Dat geldt in nog sterkere mate voor de Zevende Symfonie, de Leningrad-Symfonie. Dit werk, dat Sjostakovitsj in 1941 voltooide, is misschien wel de meest besproken symfonie uit zijn oeuvre en het werk waarover de meeste mythische verhalen en mystificaties bestaan. Volgens de Sovjetautoriteiten ging deze symfonie, geschreven tijdens het Beleg van Leningrad (wat niet helemaal waar is – Sjostakovitsj was er al voor de invasie van de Duitsers aan begonnen), over het heldhaftige verzet van leger en volk tegen de Duitsers. Volgens Sjostakovitsj gaat de symfonie over ‘het Leningrad dat door Stalin werd verwoest, en waar Hitler slechts de genadeklap uitdeelde’, aldus de componist in de nog immer omstreden Getuigenis geschreven door Solomon Volkov.

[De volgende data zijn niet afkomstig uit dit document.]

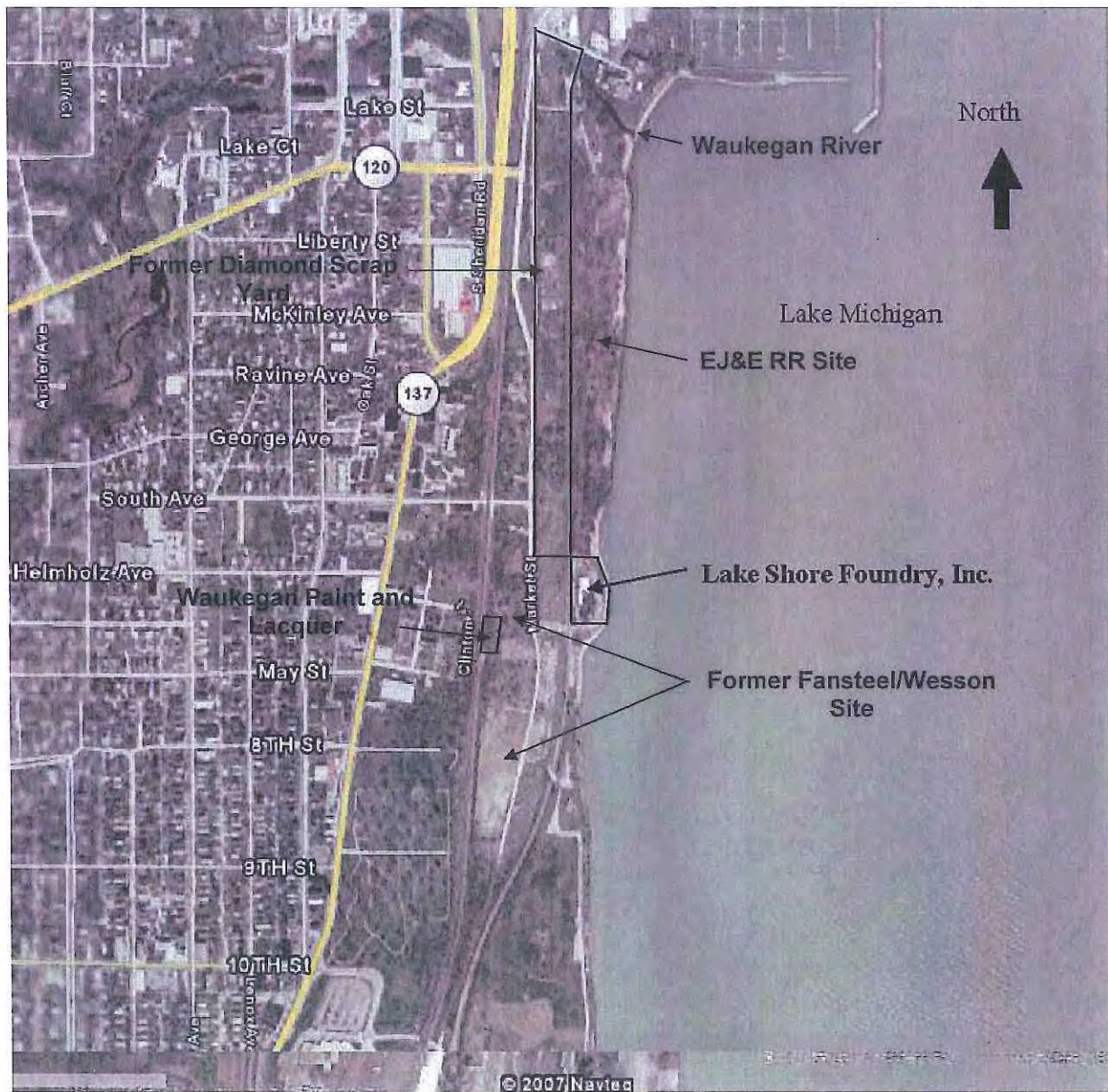
Figure 1 Site Location Map Lake Shore Foundry, Inc. 653 Market St., Waukegan, Lake County, IL. 60085

Nelsons lijkt zich gelukkig weinig van alle beladenheid, idioterie en historie aan te trekken en volgt louter de noten. Gek genoeg komt hij zo met onder andere die van zichzelf al vreemd opzwepende militaire mars in het eerste deel en de combinatie van pompeuze maten en diepe droefheid in het derde deel dicht bij die ‘gouwe ouwe’ lezing van Bernard Haitink en zijn Concertgebouworkest en laat hij elke noot door de toegenomen speelvaardigheid en de directe opnametechniek urgenter dan ooit klinken. Een nieuwe standaard.